What if we released ourselves from some of those pressures and changed our focus from fear to freedom? What would our parenting look like then? What if we let ourselves embrace not the "have-to" but instead the "don't have-to" in life and focus our decisions on what we want for our families today?
Here is a list of things that might help us to find our way:
1. I do not have to be afraid what might happen if I ______ (insert your own idea here or choose from this list: put off potty training, co-sleep with my child, turn off the TV, say no to constant demands, allow a pacifier, breastfeed, bottle feed... etc...). I need only pay attention to my child's needs and the quiet voice inside that tells me how to respond. I will not parent out of fear.
2. I do not have to keep with the Jones or the Smiths or any other neighbor down the street. I need only to provide what I feel is important for my child and my family. This applies equally well to clothing labels or techno-gadgets. I will not parent out of pressure.
3. I do not have to make my child happy all day, everyday. In fact, it just might be my job to help my sweet little one to figure out that happy has little do with having and much to do with being. I will not parent to meet my child's desires but instead to meet the goals my husband and I have for loving and raising my kids.
4. I do not have to say yes.
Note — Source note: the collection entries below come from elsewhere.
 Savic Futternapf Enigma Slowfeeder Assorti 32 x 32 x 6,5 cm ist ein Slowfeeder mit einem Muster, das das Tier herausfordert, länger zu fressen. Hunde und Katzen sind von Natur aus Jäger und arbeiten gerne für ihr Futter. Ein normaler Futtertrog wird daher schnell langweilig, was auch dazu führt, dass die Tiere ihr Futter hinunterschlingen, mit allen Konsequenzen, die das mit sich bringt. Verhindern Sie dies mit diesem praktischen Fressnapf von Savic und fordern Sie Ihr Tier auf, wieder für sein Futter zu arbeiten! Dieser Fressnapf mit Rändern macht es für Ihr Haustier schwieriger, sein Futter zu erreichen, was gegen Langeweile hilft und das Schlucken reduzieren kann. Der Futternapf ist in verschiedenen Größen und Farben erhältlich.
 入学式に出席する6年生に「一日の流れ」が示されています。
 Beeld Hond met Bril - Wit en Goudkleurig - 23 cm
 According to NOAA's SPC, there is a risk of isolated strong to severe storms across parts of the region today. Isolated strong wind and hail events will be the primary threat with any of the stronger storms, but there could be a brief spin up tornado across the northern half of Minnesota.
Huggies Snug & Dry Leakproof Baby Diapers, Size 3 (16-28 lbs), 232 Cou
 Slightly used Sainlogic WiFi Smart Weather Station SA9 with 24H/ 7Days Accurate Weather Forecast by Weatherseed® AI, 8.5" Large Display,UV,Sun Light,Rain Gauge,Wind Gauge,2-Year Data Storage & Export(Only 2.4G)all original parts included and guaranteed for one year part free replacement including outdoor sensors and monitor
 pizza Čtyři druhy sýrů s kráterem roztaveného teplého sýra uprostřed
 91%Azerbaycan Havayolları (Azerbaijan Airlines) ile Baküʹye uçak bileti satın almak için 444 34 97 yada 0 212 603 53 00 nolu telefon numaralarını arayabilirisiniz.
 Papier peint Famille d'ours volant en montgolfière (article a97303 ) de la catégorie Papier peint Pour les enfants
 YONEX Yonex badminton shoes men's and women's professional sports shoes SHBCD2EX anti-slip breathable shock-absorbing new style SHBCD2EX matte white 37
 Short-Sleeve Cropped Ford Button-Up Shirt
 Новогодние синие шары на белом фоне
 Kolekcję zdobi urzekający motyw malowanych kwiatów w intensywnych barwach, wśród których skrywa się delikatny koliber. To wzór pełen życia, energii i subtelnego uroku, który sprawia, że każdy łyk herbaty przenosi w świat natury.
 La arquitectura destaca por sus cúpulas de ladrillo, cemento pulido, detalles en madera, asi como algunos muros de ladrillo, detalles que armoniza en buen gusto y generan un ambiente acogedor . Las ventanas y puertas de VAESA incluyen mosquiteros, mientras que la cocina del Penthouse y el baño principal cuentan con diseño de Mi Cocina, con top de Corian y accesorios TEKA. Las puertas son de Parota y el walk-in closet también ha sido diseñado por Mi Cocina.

Not to video-games, not to snack requests, not to co-ed sleep overs or Spring Break trips or anything else that raises the hair on the back of my neck. It is my job as their momma to see the big picture... delights and dangers... and help them to learn to choose well. I will not parent out of a desire to do the "next big thing".
5. I do not have to: let my kids watch movies I think are too much for them, allow video games to be played whenever asked, provide email addresses for grade school children, allow them on social networking sites they are not ready for, provide cell phones for texting, say yes to what Johnny's mom says yes to, or do anything else that I think might be inappropriate for my child. I will not parent to meet common culture but instead to prepare my child to engage and evaluate common culture.
I do not have to do any of these things and do you know why? Because I am a mom to four sweet children that I love with all my heart, and with that job comes much responsibility. Mark and I are the ones that God blessed with their whole, young lives and we are the ones that will have to live with the choices made on their behalf. We are the ones who dream about what this family can be and we are the ones who can make or break that dream. We are the ones that they will come home to and the ones they will question about all of this and so much more. We know them best. And from that place, with my husband by my side, we will choose the path to take together. Though, with all that said, we also know that as they grow, we can and will change our minds.
My friends, hear this: You don't have to. You don't have to do the things that you know are not right for you and your kids. There is a time to embrace culture and a time to set it aside. All of it is a choice and the making of that is yours. Parenting is fluid, moving, dancing, changing all the time. The choices you make today may need some tweaking down the road... but for today, know what you choose and why. Know what you want for the family around you and be purposeful in the things that you pick. You will not answer to the Jones or the Smiths. Your accountability is not to them. Instead, it is a to a God who loves you fully and graced you with the babies at your feet. What would He have you do? What would He have you change?
It is still January and there is time for making goals. What does your family need today and how can you bring about needed change for them? Not because you have to... but instead because you can. Dream for them today and set aside the fear that drives your decisions. Freely choose... and embrace the blessings you will find.